- Screenshot Krazy Kat (left), the spaniel (right)
- Directed by: Ben Harrison
- Produced by: Charles Mintz
- Music by: Joe de Nat
- Animation by: Allen Rose
- Color process: Black and white
- Production company: The Charles Mintz Studio
- Distributed by: Columbia Pictures
- Release date: January 4, 1932;
- Running time: 6:27
- Language: English

= Piano Mover =

1932 film

Piano Mover is a 1932 short animated cartoon released by Columbia Pictures, starring Krazy Kat.

==Plot==
Krazy Kat and a co-worker are delivering a piano to one of the highest floors of an enormously tall condominium. Unable to fit the piano through the building's tiny doors, their only option is to lift it through a window with a crane. Krazy Kat must stand on the piano while it is lifted, forcing him to deal with his fear of heights as well as hostile residents protesting their delivery method.
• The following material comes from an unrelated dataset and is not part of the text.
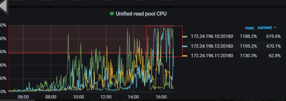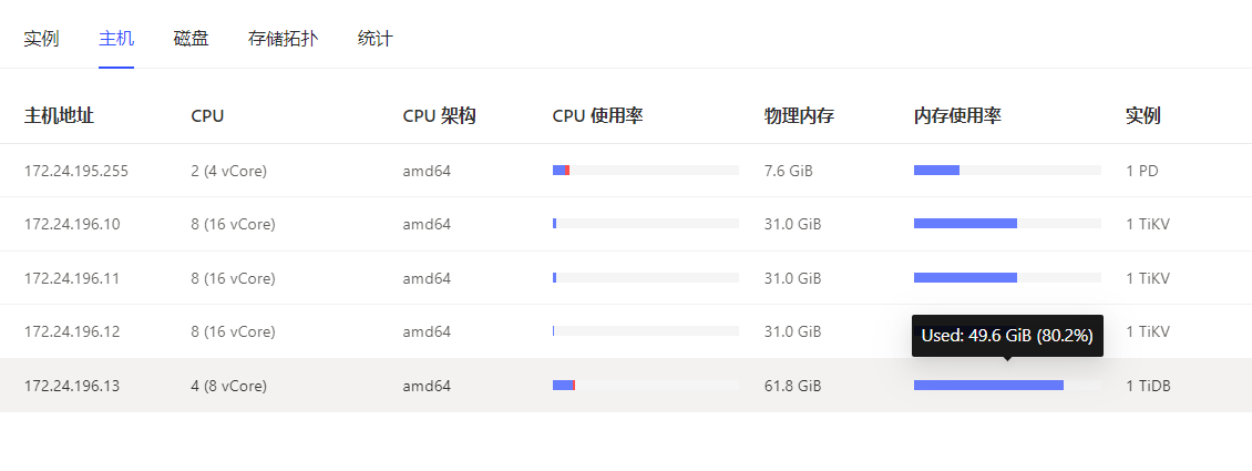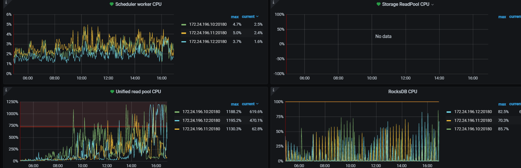 └─Selection_66 cop[tikv] 0 or(gt(doujia.sxt_qc_order_hour_interval_report.stat_cost, 0), gt(doujia.sxt_qc_order_hour_interval_report.pay_order_amount, 0)) 569412 time:1m7.1s, loops:703, cop_task: {num: 84, max: 2.81s, min: 518µs, avg: 878.6ms, p95: 2.53s, max_proc_keys: 20480, p95_proc_keys: 20480, tot_proc: 1m9.9s, tot_wait: 2.41s, rpc_num: 84, rpc_time: 1m13.8s, copr_cache_hit_ratio: 0.11}, tikv_task:{proc max:469ms, min:0s, p80:381ms, p95:430ms, iters:949, tasks:84}, scan_detail: {total_process_keys: 680101, total_process_keys_size: 205086093, total_keys: 709744, rocksdb: {delete_skipped_count: 5242, key_skipped_count: 108929, block: {cache_hit_count: 3590179, read_count: 0, read_byte: 0 Bytes}}} N/A N/A

Krazy Kat and the piano finally reach the destination, where he discovers that the recipient of the piano is his girlfriend, an unnamed spaniel. She celebrates by playing the still-dangling piano and singing the song "That's My Weakness Now". Krazy Kat and his girlfriend dance on the balcony but forget where they are, and they fall off the balcony. They catch themselves on the piano's legs, eventually managing to get on top of it, but now have to ride it safely to the ground. On the way down, a bird bites through the rope and the piano and its riders crash to the ground. The piano is destroyed and Krazy Kat and his girlfriend are dazed but unhurt.

==Availability==
The Krazy Kat shorts from the Columbia era were released for television by Samba Productions and Screen Gems. Home videos were distributed by Excel Home Movies, Official Films, and Columbia Home Movies. The cartoon Piano Mover is available in the Columbia Cartoon Collection: Volume 2.